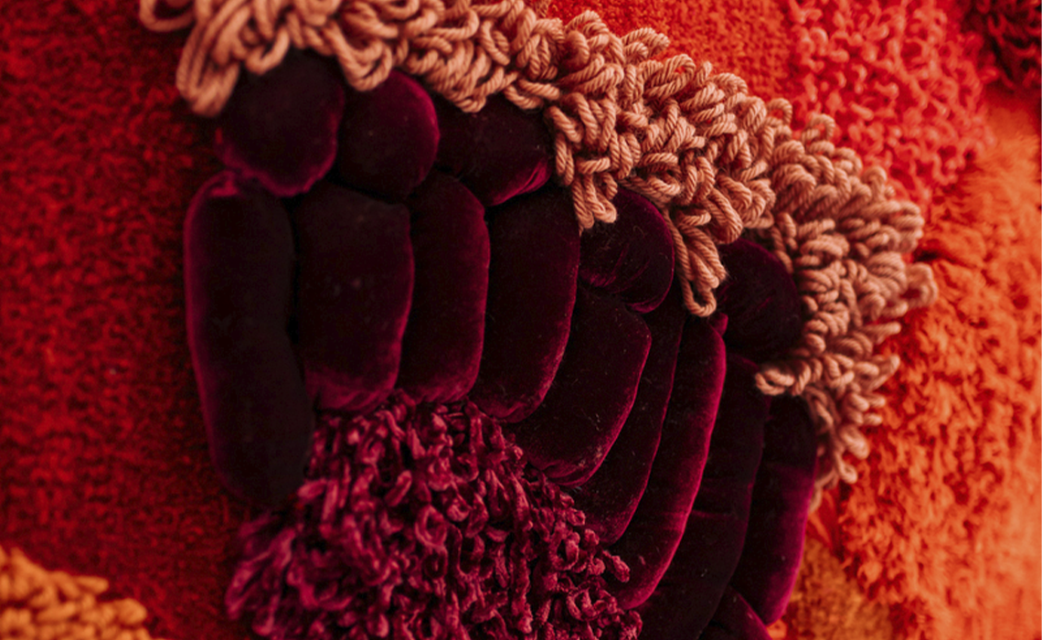 Exposição individual apresenta obras recentes e inéditas da artista mineira que desenvolve sua produção poética concentrada na tapeçaria contemporânea.
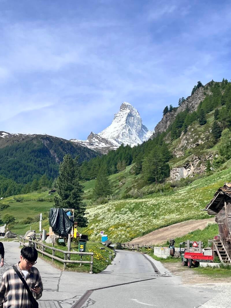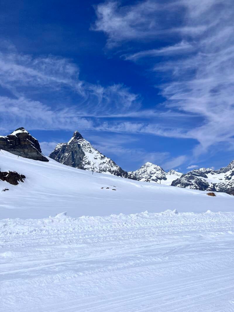 Nous sommes partis à 5 h depuis Montreux en train, direction Zermatt, pour aller jusqu'aux télécabines à l'autre bout du village. Nous l'avons traversé à pied et avons pu profiter de la magnifique vue sur la face nord du Cervin, tout en regardant les vitrines des boutiques de luxe qui bordent la rue principale.
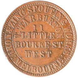 WARNOCK BROS, Melbourne & Maldon penny and halfpenny, 1861 (A.603, 604) penny, 1863 (A.605; H.265/1). ...
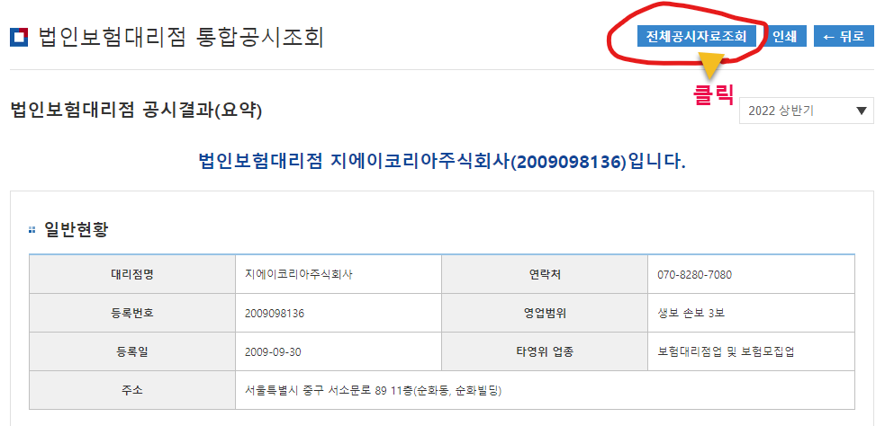 법인대리점 통합공시조회에서 전체공시자료 조회 클릭
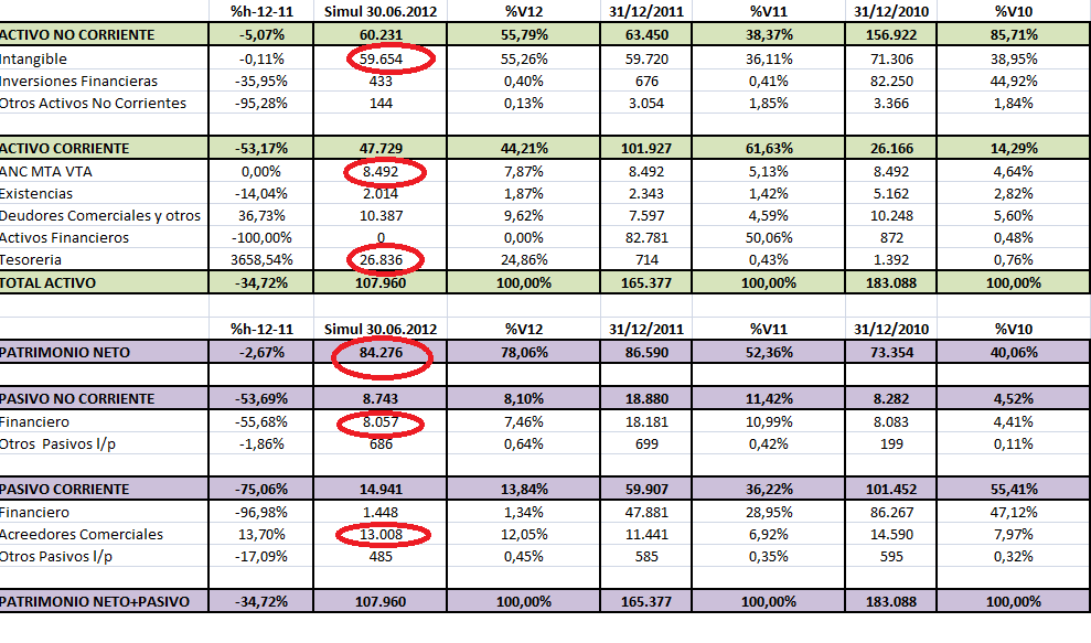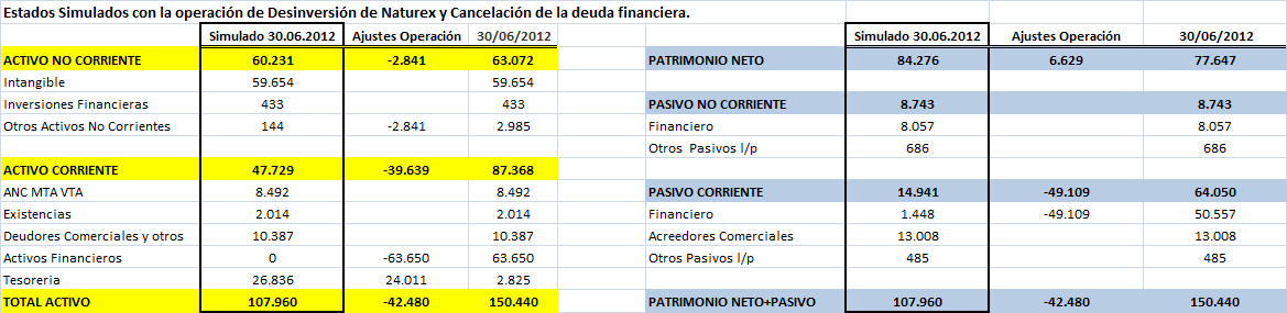 ANALISIS CUANTITATIVO.- Es una compañía cuyo balance presentado a fecha 30.06.2.012 nada tendrá que ver con la fotografia de cierre de ejercicio una vez ha ejecutado la venta de la participación residual en Naturex y haya adelantado la cancelación de la deuda que mantiene con las entidades financieras. Por lo tanto, se hace fundamental hacer la simulación de esta operación que se ha efectuado en el último trimestre con fecha del segundo trimestre y partir del balance ajustado realizar el análisis de esta compañía, de lo contrario podríamos hacer una interpretación errónea del análisis de los estados financieros a Junio de 2.012:
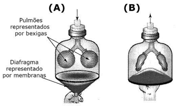 01) O movimento de inspiração está representado pelo esquema (A). A contração do diafragma e dos músculos intercostais determina o aumento do volume da caixa torácica e diminuição da pressão interna, ocasionando a entrada de ar nos pulmões.
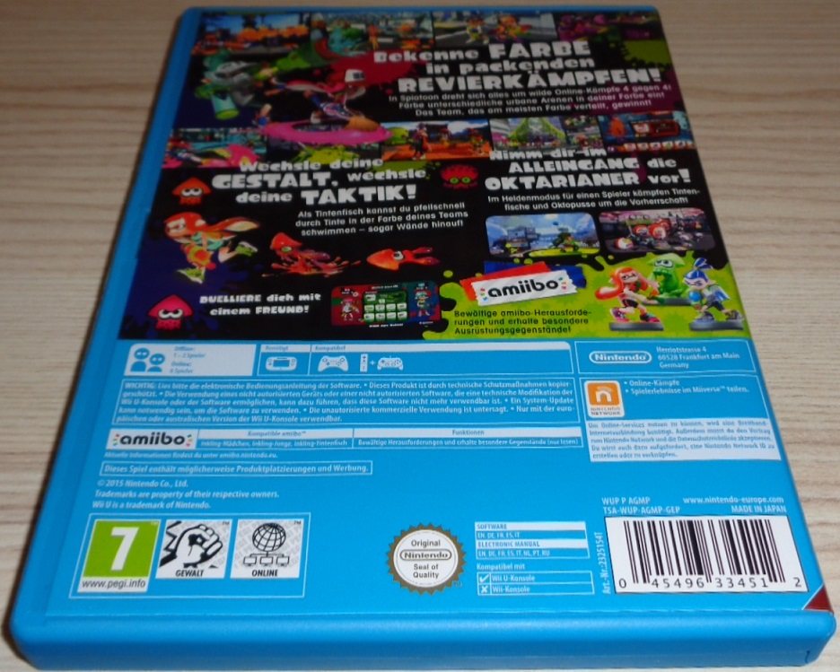 Auf Knopfdruck können sich die Spielfiguren in Tintenfische verwandeln und in ihre eigene Tinte eintauchen. Das bringt eine Menge Vorteile mit sich: So können sie sich beispielsweise schneller von A nach B bewegen, sich vor Gegnern verstecken oder ihre Tintentanks wieder auffüllen. Das Wii U GamePad bietet den Spielern verschiedene Steuerungsoptionen. Durch die Bewegungssteuerung ist es beispielsweise möglich, sich im Spiel umzuschauen und zu zielen. Die actionreiche Tintenschlacht erscheint exklusiv für Wii U. Für Online-Matches ist ein Breitbandzugang notwendig.
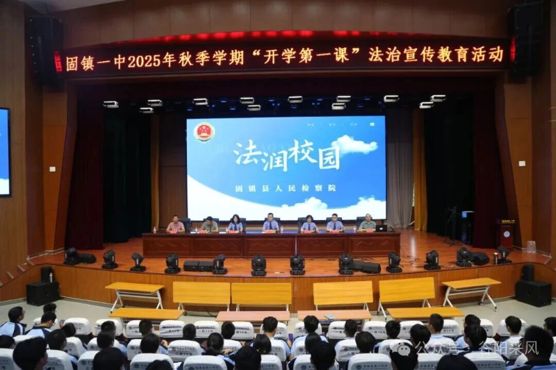 为深入推进法治校园建设,引导青少年树立法治观念、厚植爱国情怀,9月17日下午,固镇县科协、固镇县检察院在固镇一中举办了2025年秋季学期“开学第一课”法治宣传教育活动。此次活动以“绿色、成长、法治”为核心主题,通过生动的检察职能解读与深刻的历史教育,为师生们带来一堂兼具法治温度与爱国深度的思政课。
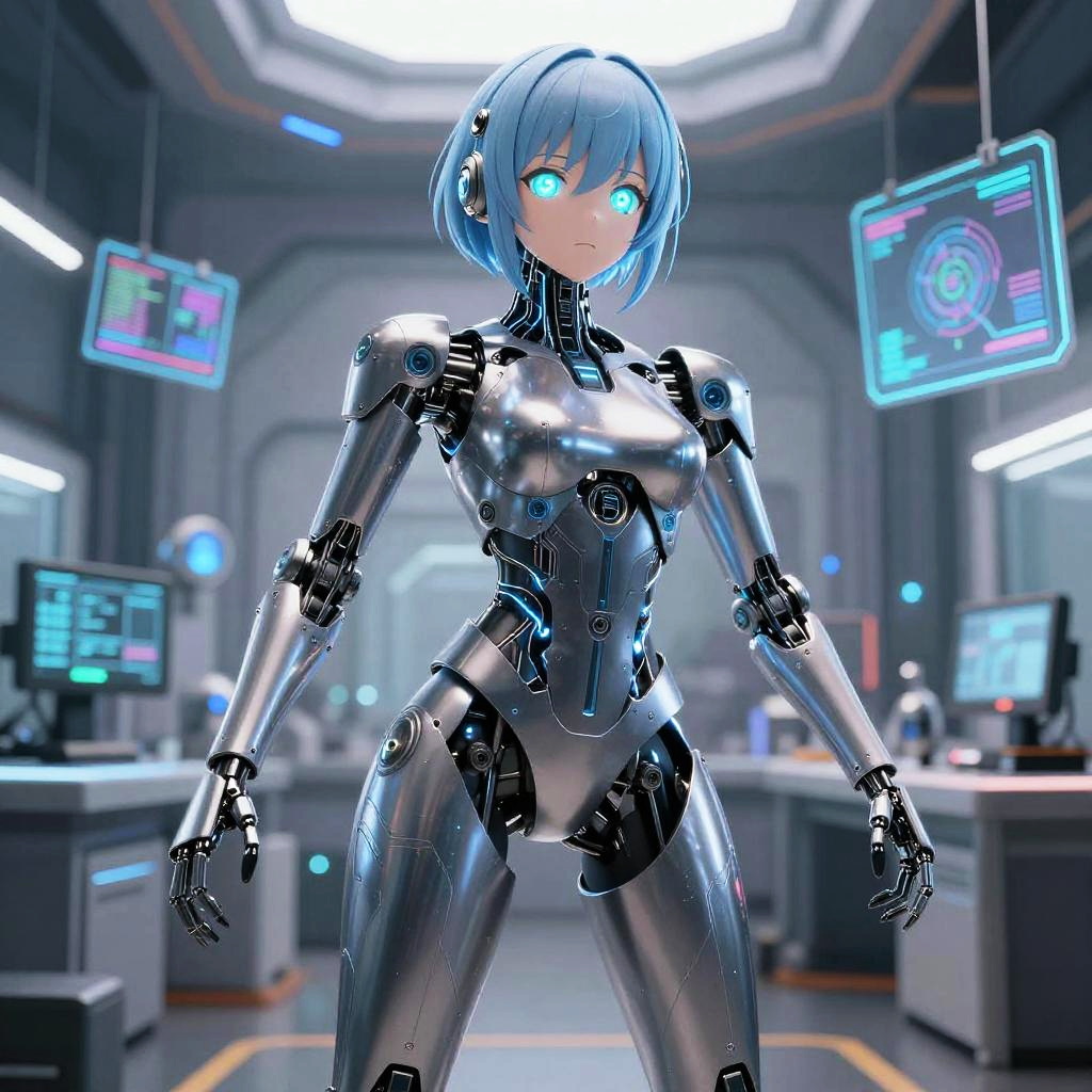 AI anime character generator producing a sleek robotic anime character with smooth metallic body, illuminated circuits running along limbs, expressive LED eyes, posed dynamically in a high-tech laboratory filled with advanced gadgets and holograms.
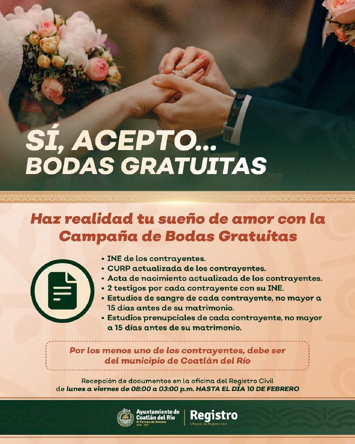 En Coatlán del Río, las bodas gratuitas también se efectuarán el 13 de febrero. Las parejas interesadas tienen como fecha límite el 10 de febrero para presentar su documentación correspondiente.
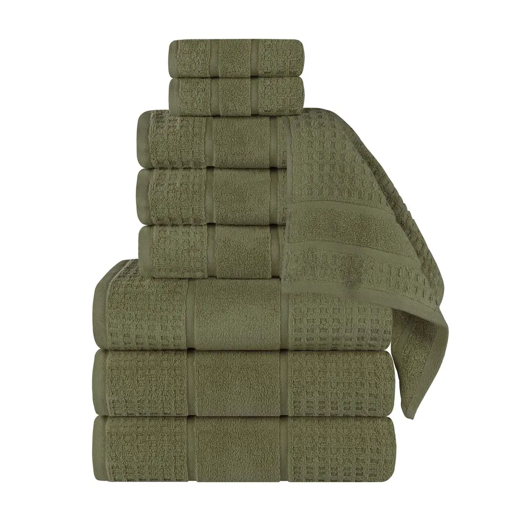 Superior Napa Zero Twist Cotton Waffle 9 Piece Bathroom Towel Set - Forest Green

● ● ●

Repeat all the records above exactly, leaving out any pictures.

 Exposição individual apresenta obras recentes e inéditas da artista mineira que desenvolve sua produção poética concentrada na tapeçaria contemporânea.
 Nous sommes partis à 5 h depuis Montreux en train, direction Zermatt, pour aller jusqu'aux télécabines à l'autre bout du village. Nous l'avons traversé à pied et avons pu profiter de la magnifique vue sur la face nord du Cervin, tout en regardant les vitrines des boutiques de luxe qui bordent la rue principale.
 WARNOCK BROS, Melbourne & Maldon penny and halfpenny, 1861 (A.603, 604) penny, 1863 (A.605; H.265/1). ...
 법인대리점 통합공시조회에서 전체공시자료 조회 클릭
 ANALISIS CUANTITATIVO.- Es una compañía cuyo balance presentado a fecha 30.06.2.012 nada tendrá que ver con la fotografia de cierre de ejercicio una vez ha ejecutado la venta de la participación residual en Naturex y haya adelantado la cancelación de la deuda que mantiene con las entidades financieras. Por lo tanto, se hace fundamental hacer la simulación de esta operación que se ha efectuado en el último trimestre con fecha del segundo trimestre y partir del balance ajustado realizar el análisis de esta compañía, de lo contrario podríamos hacer una interpretación errónea del análisis de los estados financieros a Junio de 2.012:
 01) O movimento de inspiração está representado pelo esquema (A). A contração do diafragma e dos músculos intercostais determina o aumento do volume da caixa torácica e diminuição da pressão interna, ocasionando a entrada de ar nos pulmões.
 Auf Knopfdruck können sich die Spielfiguren in Tintenfische verwandeln und in ihre eigene Tinte eintauchen. Das bringt eine Menge Vorteile mit sich: So können sie sich beispielsweise schneller von A nach B bewegen, sich vor Gegnern verstecken oder ihre Tintentanks wieder auffüllen. Das Wii U GamePad bietet den Spielern verschiedene Steuerungsoptionen. Durch die Bewegungssteuerung ist es beispielsweise möglich, sich im Spiel umzuschauen und zu zielen. Die actionreiche Tintenschlacht erscheint exklusiv für Wii U. Für Online-Matches ist ein Breitbandzugang notwendig.
 为深入推进法治校园建设,引导青少年树立法治观念、厚植爱国情怀,9月17日下午,固镇县科协、固镇县检察院在固镇一中举办了2025年秋季学期“开学第一课”法治宣传教育活动。此次活动以“绿色、成长、法治”为核心主题,通过生动的检察职能解读与深刻的历史教育,为师生们带来一堂兼具法治温度与爱国深度的思政课。
 AI anime character generator producing a sleek robotic anime character with smooth metallic body, illuminated circuits running along limbs, expressive LED eyes, posed dynamically in a high-tech laboratory filled with advanced gadgets and holograms.
 En Coatlán del Río, las bodas gratuitas también se efectuarán el 13 de febrero. Las parejas interesadas tienen como fecha límite el 10 de febrero para presentar su documentación correspondiente.
 Superior Napa Zero Twist Cotton Waffle 9 Piece Bathroom Towel Set - Forest Green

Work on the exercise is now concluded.